_Task objective_
Reproduce the lines below exactly, from the one containing "Eine raffinierte Variation" through the one containing "Amazon Com Canadian", both included. Leave out any pictures.

_Extracted entries_
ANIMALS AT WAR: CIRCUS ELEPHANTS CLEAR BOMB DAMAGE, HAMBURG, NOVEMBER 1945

==

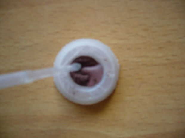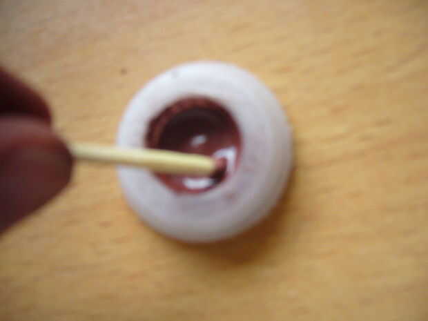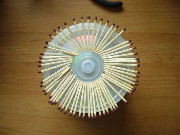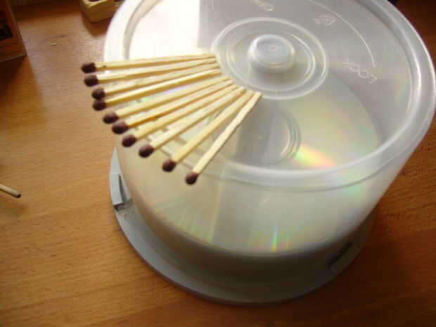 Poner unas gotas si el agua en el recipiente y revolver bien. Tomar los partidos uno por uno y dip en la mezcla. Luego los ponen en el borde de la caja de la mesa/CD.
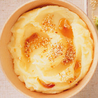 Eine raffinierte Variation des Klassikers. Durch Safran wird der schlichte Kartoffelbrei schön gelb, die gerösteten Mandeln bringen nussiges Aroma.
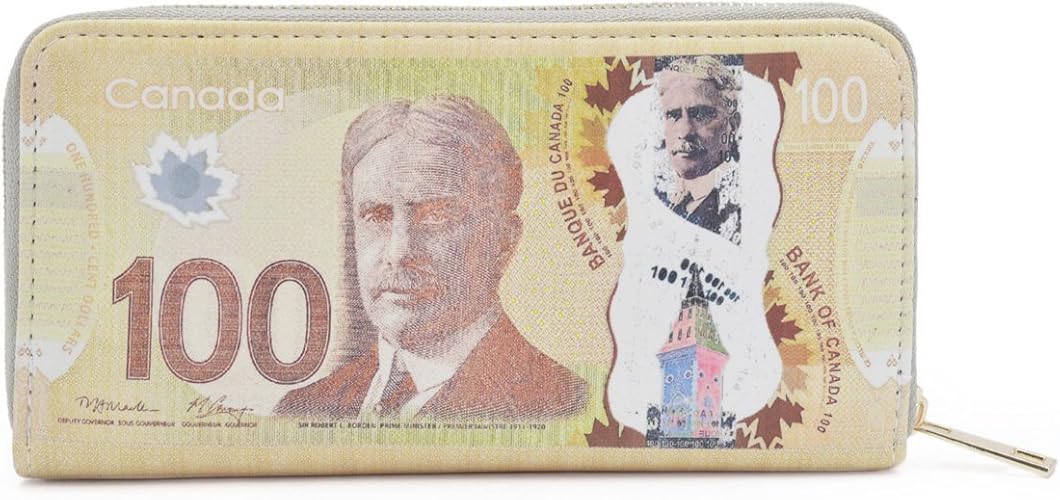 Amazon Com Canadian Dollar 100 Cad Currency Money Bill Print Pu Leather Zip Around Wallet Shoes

_Response area_
 Eine raffinierte Variation des Klassikers. Durch Safran wird der schlichte Kartoffelbrei schön gelb, die gerösteten Mandeln bringen nussiges Aroma.
 Amazon Com Canadian Dollar 100 Cad Currency Money Bill Print Pu Leather Zip Around Wallet Shoes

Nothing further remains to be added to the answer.